Gerard: Always, madam. For I can never fight a lady.
The Countess of Morales
The sexual content of the film might be regarded as a tell-tale of the influence of a European production, as Conan Doyle’s stories recognize Gerard’s triumph with the fairer success but do not indulge so heartily in this area.
It has been noted that Cardinale felt that her character was an unusually strong one, and she wished to protect this. While there are scenes that appear to mock her (the sped-up actions and high-pitched voice) or show her bested (Gerard shaving her face when she dressed as a man), in general she is shown as more than a match for both the English and the French. And, as the Spaniard, the lone voice of reason as these overgrown boys play their war games. The lofty seniority of Gerard and Russell means that they do not have to deal with or witness the undesirable behaviour of the lower ranks.
Teresa: I do not wish to be rubbed rifled or raped by your common soldiers.
Teresa is more than capable of using her feminine wiles for the good of her country
Teresa: I shall be flirting for Spain.
Influences (and Influencer?)
I mentioned Gilliam, and the visual sense of the film might be argued to have informed some of the director’s work, in particular his ‘80s films. Nigel Andrews, writing for Sight and Sound in 1970, recognized the parallels to Munchausen nearly two decades before Gilliam adapted it.
If the film threatens at times to degenerate into a parade of conjuring tricks, it is redeemed partly by the air of baroque, Munchausen-like, fantasy that pervades Gerard's adventures, rich in such casually surrealist details as General Millefleur's accident-prone human dining-table; partly by the fact that Gerard is a genuine Skolimowski hero, quirky and single-minded in his pursuit of self-fulfillment, a Napoleonic counterpart of Marc in Le départ. For all its chaotic surface, Gerard carries a distinctive signature.
Another of Gilliam’s obsessions, the desire to adapt Don Quixote, is referenced by
We find many of these features in Don Quixote and his association is strengthened by the setting of the film in the van deserts of Spain. Gerard also recollects Cervantes hero because, as Carols Fuenetes writes in regards to Don Quixote, “he leaves the village, goes out into the world, and discovers that the world does not resemble what he has read about it”
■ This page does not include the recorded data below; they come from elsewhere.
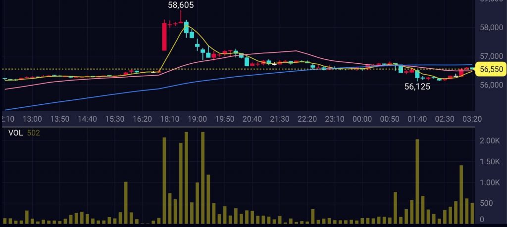 先週末、日本の市場の終了後に、CME日経平均先物が、一時、58,620.00円の高値を付けて終値が56,445.00円だったので、今日の日経平均現物は、CME日経平均先物に大きく寄せたというか、もてあそばれたようです。もしかすると、CME日経平均先物は、前祝だったのでしょうか。先週の日経平均現物と比べると、CME日経平均先物は、週末に、一時的に4,400円程度上げていたことになるから、びっくりでした。
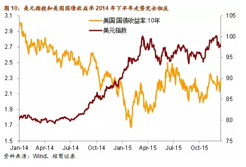 換言之,美德兩國國債具有較高的替代性,一般情況,價格優勢將成為全球債券投資者決定資金投向的重要考慮因素。正如微觀經濟學中的替代商品一樣,替代性越高的金融資產,其資產價格的變化趨於一致的可能性越高。美德兩國國債收益率具有較為明顯的聯動性。國債替代性可能正是2014年下半年美元指數走強后,美債收益率遲遲未能上行的重要因素。
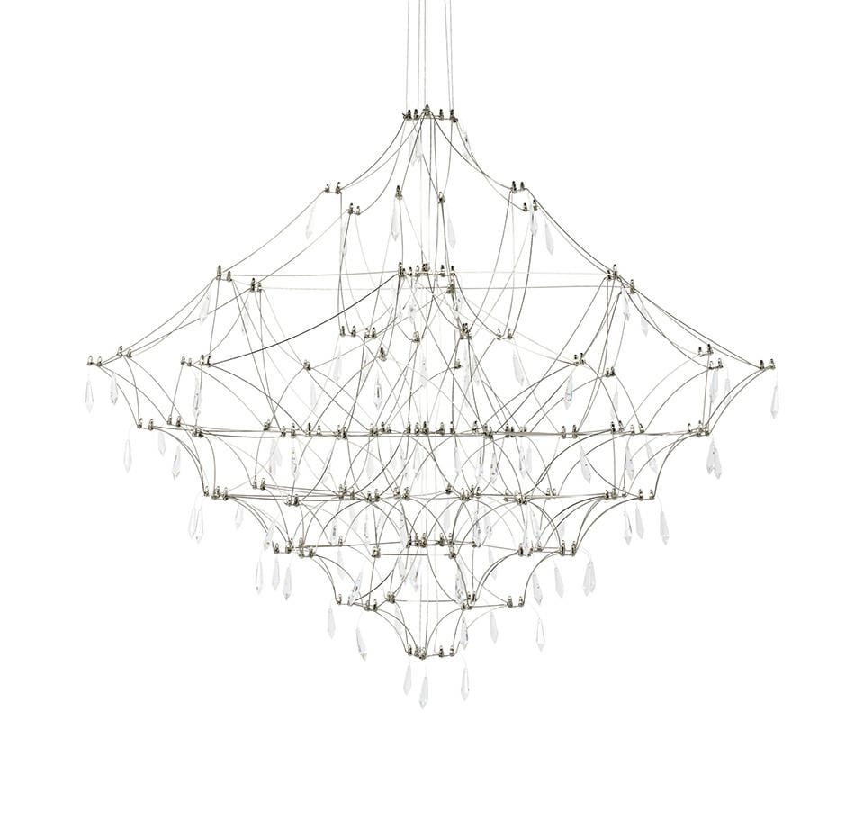 Constelation to przepiękna lampa sufitowa. Cała konstrukcja lampy wykonana została ze stali szczotkowanej. Metalowa pajęczyna, połączona z ledowymi źródłami światła tworzy wyjątkowo elegancką konstrukcję. Całość została wykończona dekoracyjnymi kryształkami, od których odbija się światło, dzięki czemu rzucają one subtelne cienie.

One might note the trusty Papilette too, and compare him to Sancho Panza, who is marked out as more insightful than his superior (initially at least; with the requirements of a Gerard-focused narrative, Papilette is lost along the way).
Papilette: But why should the emperor tell us his plan?
Gerard: Because he recognises our worth.
Papilette: I am smit with doubts, Colonel.
Gerard: Not like you, old Papilette. I wish you would tell me of them and then with my officer’s quicker intelligence I might set the matter straight.
Gerard’s limited intelligence can be seen as his asset, because it prevents him from excessive introspection and forces him to find practical solutions to problems encountered. Besides, in both Conan Doyle’s rendering and Skolimowski’s re-working, Gerard turns out to have more wit than people are prepared to grant him.
Mazierska also draws comparisons with Gilliam’s old troupe.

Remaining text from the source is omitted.